EXERCISE AIM:
In the entries below, find the line with "Yellow Striped Woman" and print exactly every line from there up to and including the line with "带着对爷爷奶奶们的美好祝愿,孩子们制作精", with no other lines.

INPUT DATA:

____

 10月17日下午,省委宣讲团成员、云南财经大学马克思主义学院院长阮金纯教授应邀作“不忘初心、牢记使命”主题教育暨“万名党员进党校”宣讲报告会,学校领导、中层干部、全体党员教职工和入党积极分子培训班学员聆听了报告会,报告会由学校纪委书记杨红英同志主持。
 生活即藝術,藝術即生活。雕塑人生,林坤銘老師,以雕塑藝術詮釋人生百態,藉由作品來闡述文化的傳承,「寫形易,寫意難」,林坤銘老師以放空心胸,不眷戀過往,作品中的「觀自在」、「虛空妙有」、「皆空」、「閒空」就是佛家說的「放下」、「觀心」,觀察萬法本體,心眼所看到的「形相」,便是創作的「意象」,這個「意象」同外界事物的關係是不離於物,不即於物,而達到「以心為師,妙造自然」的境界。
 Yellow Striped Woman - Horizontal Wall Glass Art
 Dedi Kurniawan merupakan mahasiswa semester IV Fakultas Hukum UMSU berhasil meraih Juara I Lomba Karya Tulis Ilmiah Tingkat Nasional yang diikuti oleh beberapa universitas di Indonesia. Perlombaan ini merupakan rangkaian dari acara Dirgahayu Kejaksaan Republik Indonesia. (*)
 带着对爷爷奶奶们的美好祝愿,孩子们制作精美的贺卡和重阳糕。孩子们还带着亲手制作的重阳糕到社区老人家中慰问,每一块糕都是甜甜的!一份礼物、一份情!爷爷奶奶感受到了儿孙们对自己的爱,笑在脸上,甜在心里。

____

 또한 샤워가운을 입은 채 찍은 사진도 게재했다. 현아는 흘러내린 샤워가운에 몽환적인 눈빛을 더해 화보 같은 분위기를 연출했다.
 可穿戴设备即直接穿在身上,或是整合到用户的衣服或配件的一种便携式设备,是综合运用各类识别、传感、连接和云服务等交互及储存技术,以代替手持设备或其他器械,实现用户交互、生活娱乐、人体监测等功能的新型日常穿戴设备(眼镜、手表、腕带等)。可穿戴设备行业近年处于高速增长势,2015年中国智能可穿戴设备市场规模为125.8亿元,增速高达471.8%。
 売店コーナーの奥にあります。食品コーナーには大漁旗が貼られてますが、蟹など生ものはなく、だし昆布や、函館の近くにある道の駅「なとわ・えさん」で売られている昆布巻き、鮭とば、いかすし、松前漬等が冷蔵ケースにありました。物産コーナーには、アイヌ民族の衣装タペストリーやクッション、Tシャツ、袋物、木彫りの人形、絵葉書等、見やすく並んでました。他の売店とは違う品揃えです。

____

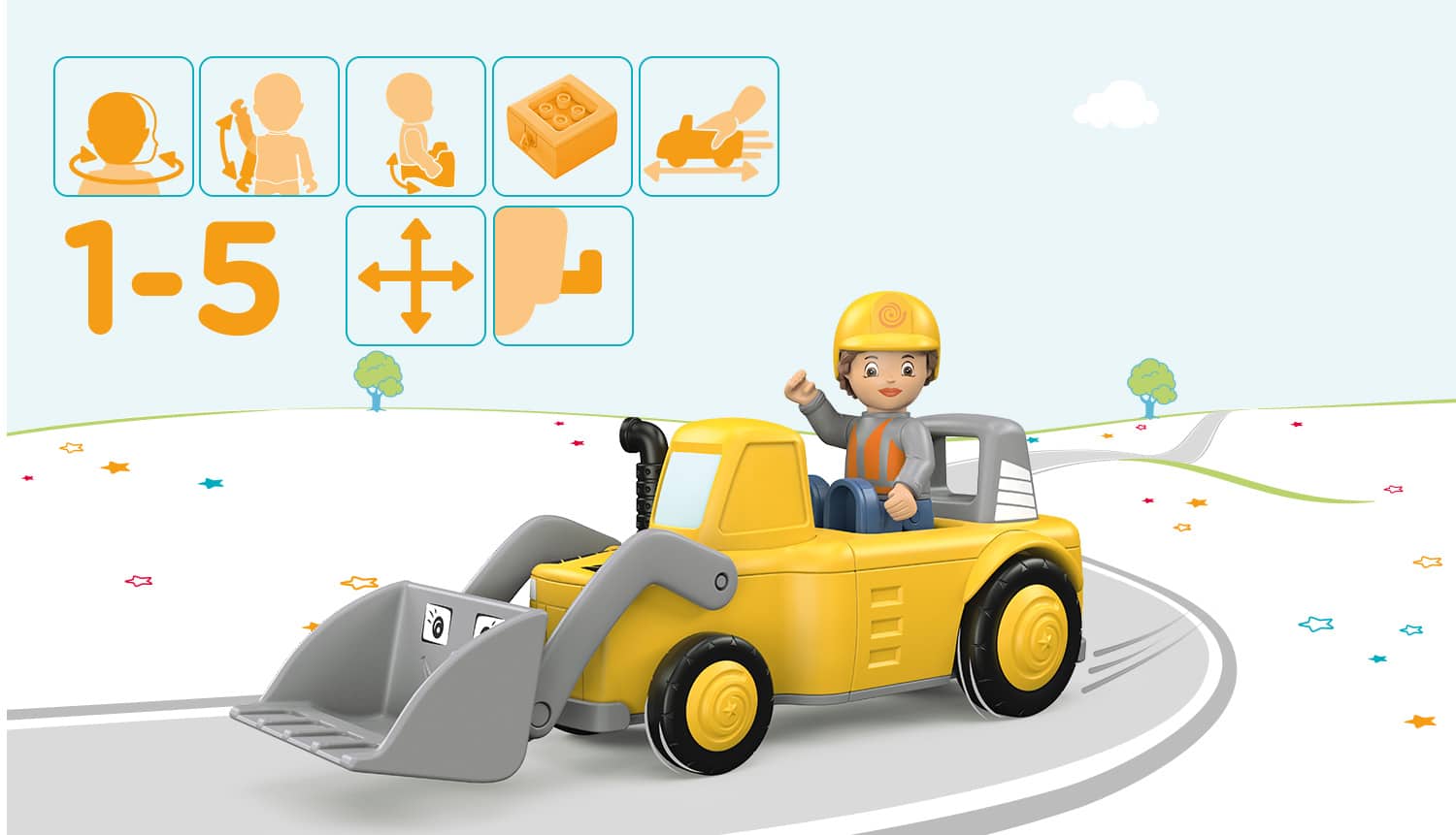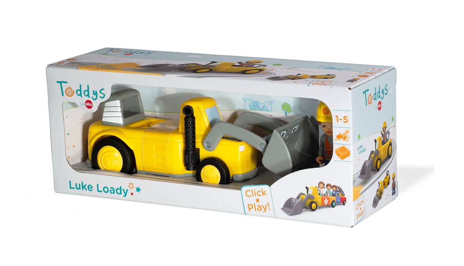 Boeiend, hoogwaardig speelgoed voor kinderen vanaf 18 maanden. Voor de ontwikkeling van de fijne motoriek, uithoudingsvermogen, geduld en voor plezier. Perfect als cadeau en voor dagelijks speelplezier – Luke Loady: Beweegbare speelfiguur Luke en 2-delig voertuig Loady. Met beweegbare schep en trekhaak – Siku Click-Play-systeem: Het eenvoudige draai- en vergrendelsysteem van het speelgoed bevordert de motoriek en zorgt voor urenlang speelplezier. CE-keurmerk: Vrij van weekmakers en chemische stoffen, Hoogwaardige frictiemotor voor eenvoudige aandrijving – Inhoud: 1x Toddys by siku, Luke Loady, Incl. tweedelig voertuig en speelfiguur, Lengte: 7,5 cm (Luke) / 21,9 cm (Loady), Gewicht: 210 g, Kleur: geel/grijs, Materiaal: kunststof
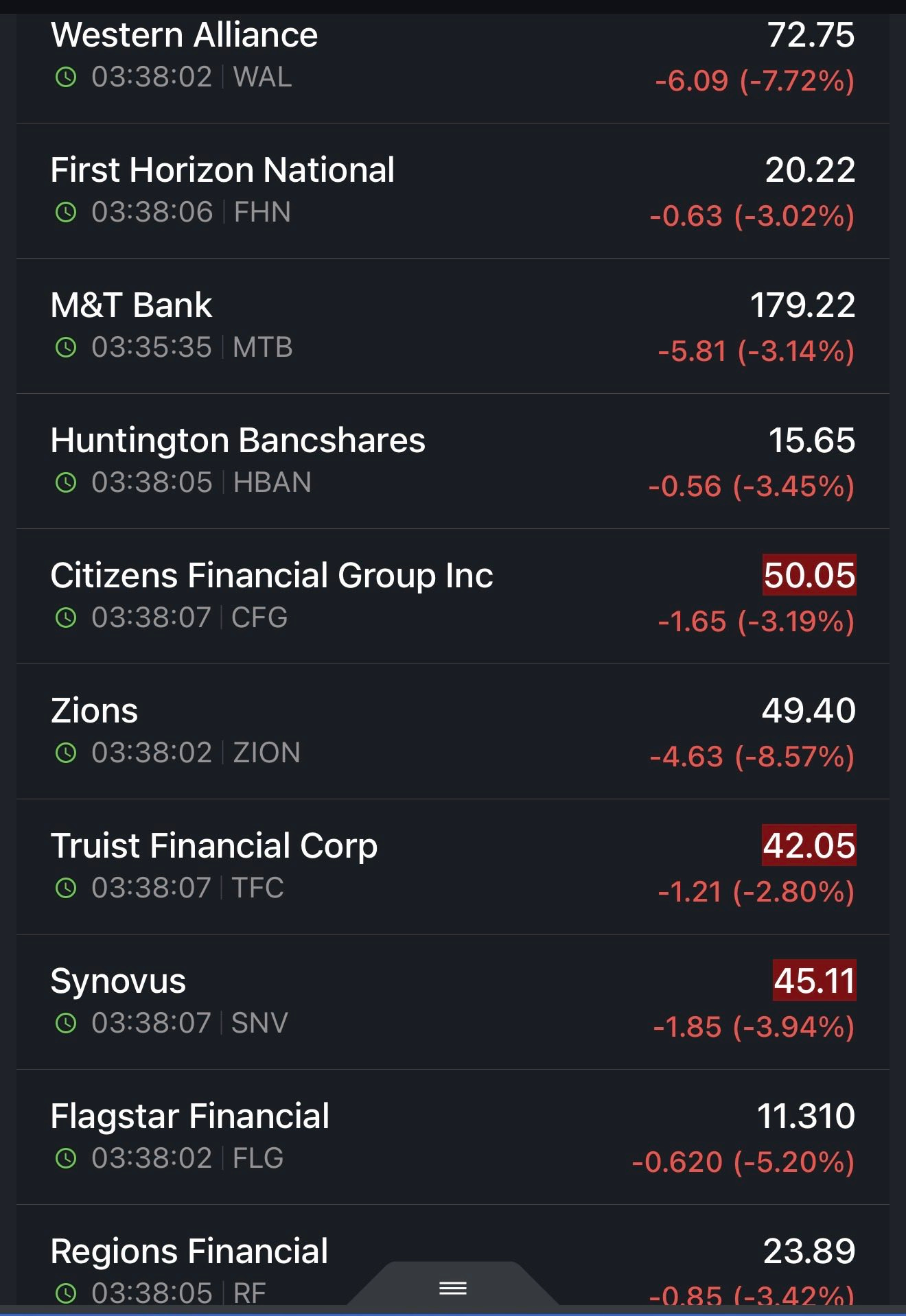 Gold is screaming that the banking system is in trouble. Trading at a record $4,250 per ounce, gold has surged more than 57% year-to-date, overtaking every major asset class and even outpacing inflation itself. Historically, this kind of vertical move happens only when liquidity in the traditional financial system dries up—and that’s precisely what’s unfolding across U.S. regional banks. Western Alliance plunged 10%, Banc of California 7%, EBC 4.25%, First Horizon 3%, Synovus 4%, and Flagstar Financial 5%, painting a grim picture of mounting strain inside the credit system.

____

TASK OUTPUT:
 Yellow Striped Woman - Horizontal Wall Glass Art
 Dedi Kurniawan merupakan mahasiswa semester IV Fakultas Hukum UMSU berhasil meraih Juara I Lomba Karya Tulis Ilmiah Tingkat Nasional yang diikuti oleh beberapa universitas di Indonesia. Perlombaan ini merupakan rangkaian dari acara Dirgahayu Kejaksaan Republik Indonesia. (*)
 带着对爷爷奶奶们的美好祝愿,孩子们制作精美的贺卡和重阳糕。孩子们还带着亲手制作的重阳糕到社区老人家中慰问,每一块糕都是甜甜的!一份礼物、一份情!爷爷奶奶感受到了儿孙们对自己的爱,笑在脸上,甜在心里。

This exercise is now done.